The Sun

As I type this, I realize that there are two parts to this question. The answer to the first part is very complex, but it can easily be explained in layman’s terms. The sun is a plasma that is located at the center of the solar system, and emits photons that illuminate the eight planets. Basically, the sun is a star, but it is a much closer star than the ones you see each night.

The sun is considered to be a relatively medium-sized star. It is classified as a yellow dwarf, which is a star that is a tad bit on the small side, but it is a very massive object. The sun contains about 99% of the solar system’s total matter. The gigantic numbers are not limited to mass; the sun, although small relative to other stars, is huge relative to the planets of the solar system. The sun’s diameter, or the line going from one end of its circumference through the center and to the other end, is about the same as the diameter of 110 Earths. It is so big in fact that even Jupiter, the largest planet in our solar system, would be able to fit into it hundreds of times.

The answer to the second question is complex, but similar to the first question, it can be answered simplistically as well. The sun is composed of the elements, or the substances that can be broken down no further and retain its properties (the things that are on that Periodic Table that you hate looking at!), helium (the stuff that is currently in blimps) and hydrogen (the stuff that used to be in blimps). These two elements make up about 98% of its mass and 99% of its volume. The sun is not only composed of these elements. It also has trace amounts of Nickel, Iron, Oxygen, and Silicon.

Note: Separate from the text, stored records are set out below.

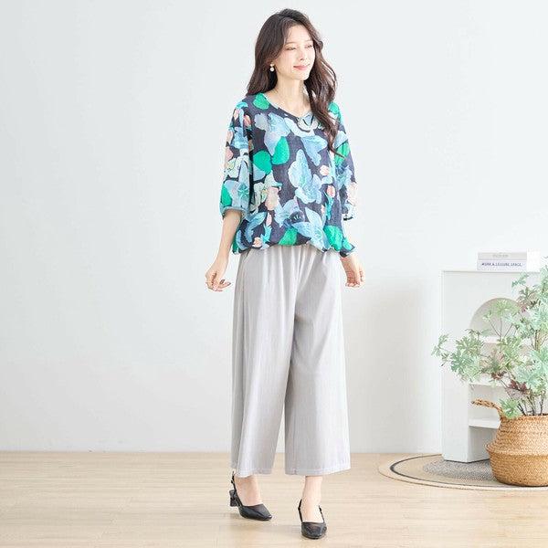 アートのようなリーフ&フローラル柄が視線を惹きつけ、夏の装いを格上げしてくれます。シンプルなボトムと合わせるだけでおしゃれ上級者に。
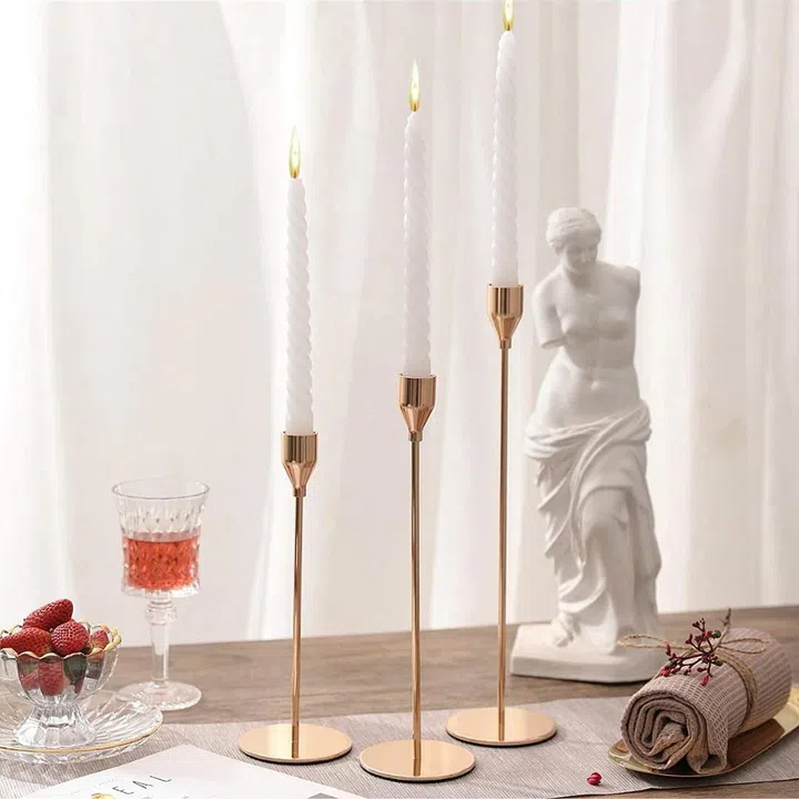 Instantly transform your dining table into a romantic Valentine's Day dinner for two with these candlestick holders. With three different heights, these candle holders fit all standard size candles and LED taper candles.
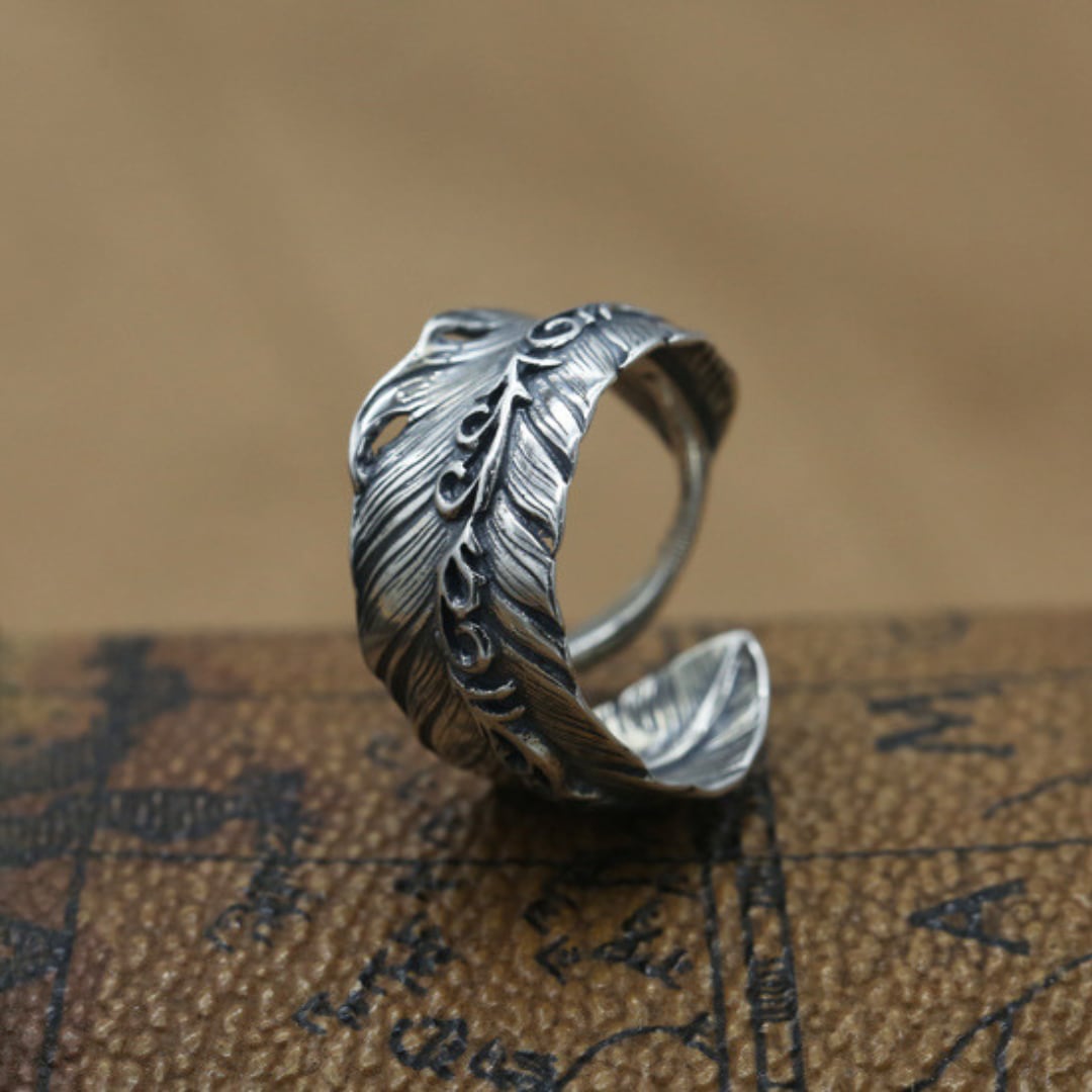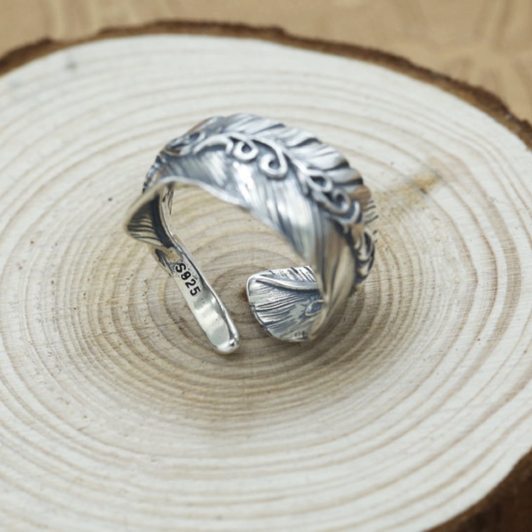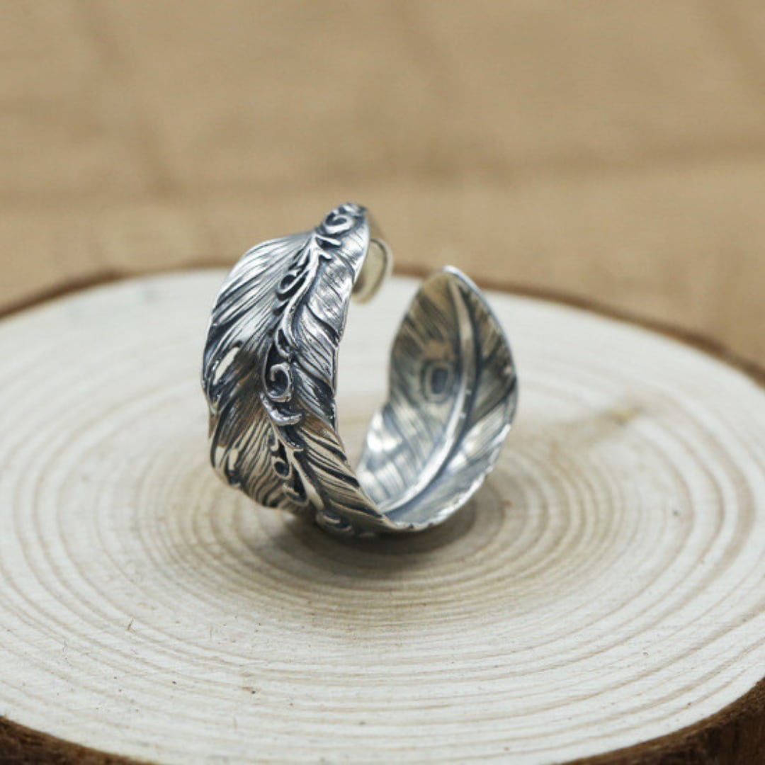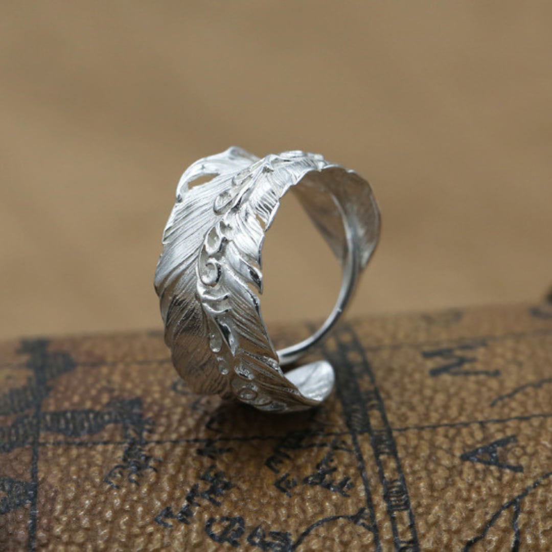 S925スターリングシルバー 調節可能なスタイル ファッションフェザー リング
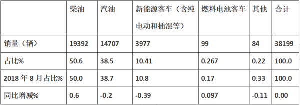 根据上牌信息,2019年9月按燃料种类划分,客车销量结构特征如下:
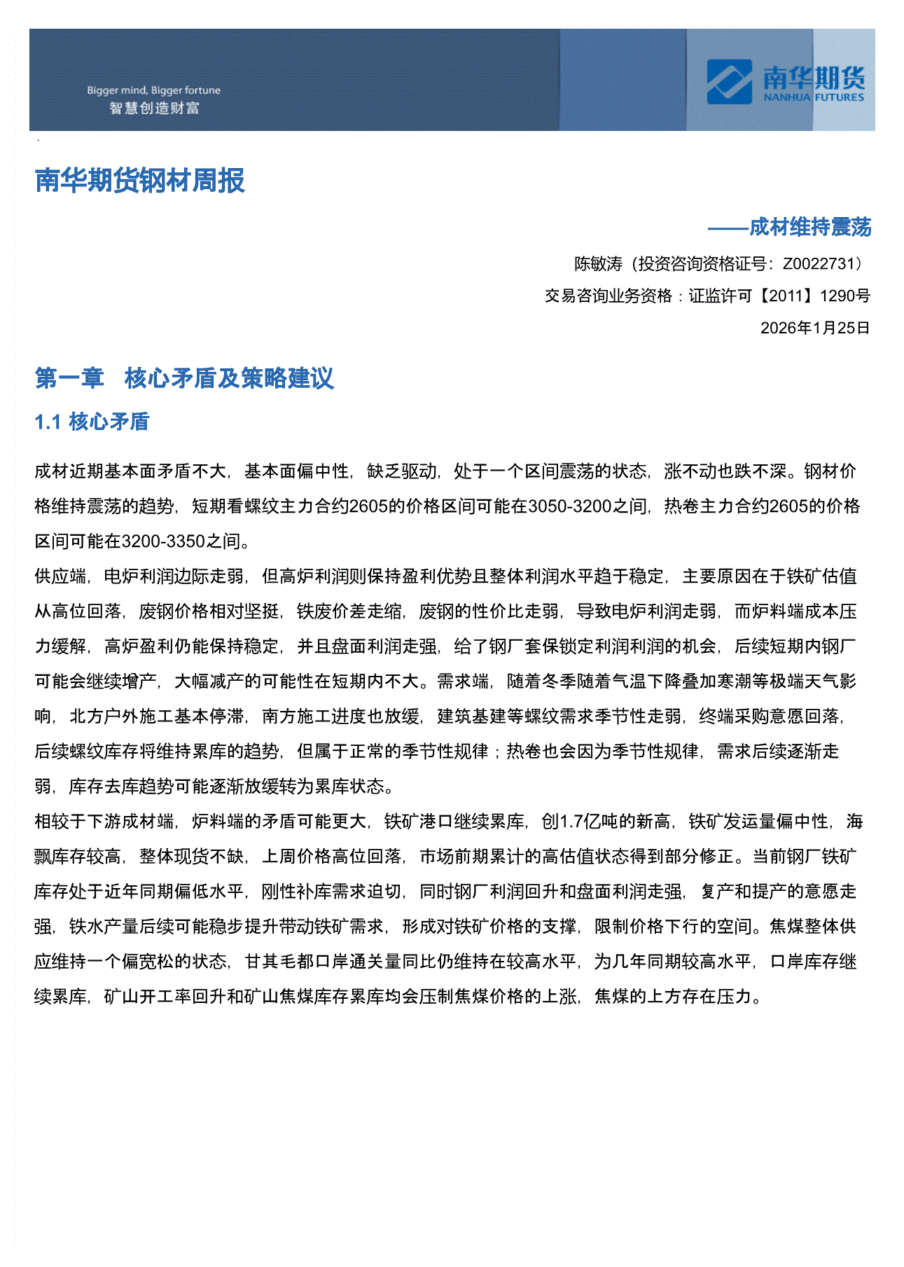 南华期货-钢材周报:钢厂补库加速即将进入尾声,成材维持震荡-260201
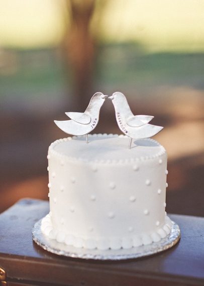 There is something so pretty about an all white wedding. While white weddings can work throughout the year, I love it for an outdoor summer celebration. The inspiration board I created below was inspired by the sweet wedding cake topper below. Which would be perfect for an intimate party under sparkling lights, with bridesmaids in white, full white flowers, and touches of nude, brown and silver.

The sun provides light to the solar system by a process known as nuclear fusion. In this process, four hydrogen nuclei combine to form a helium atom. This process creates enormous amounts of energy, which is then dispersed as light throughout the solar system. This process is the reason why the majority of the sun is hydrogen, but there is some that is helium. That helium was once hydrogen.

Sol, otherwise known as the sun, is an important part of not only our solar system, but also our home planet. Plants need sunlight in order to perform photosynthesis, a process by which plants transform sunlight, carbon dioxide, and water into glucose (a type of sugar) and oxygen. This oxygen is essential for the survival of homo sapiens (us). Yes, without the sun, life would’ve never developed, and the earth wouldn’t even exist.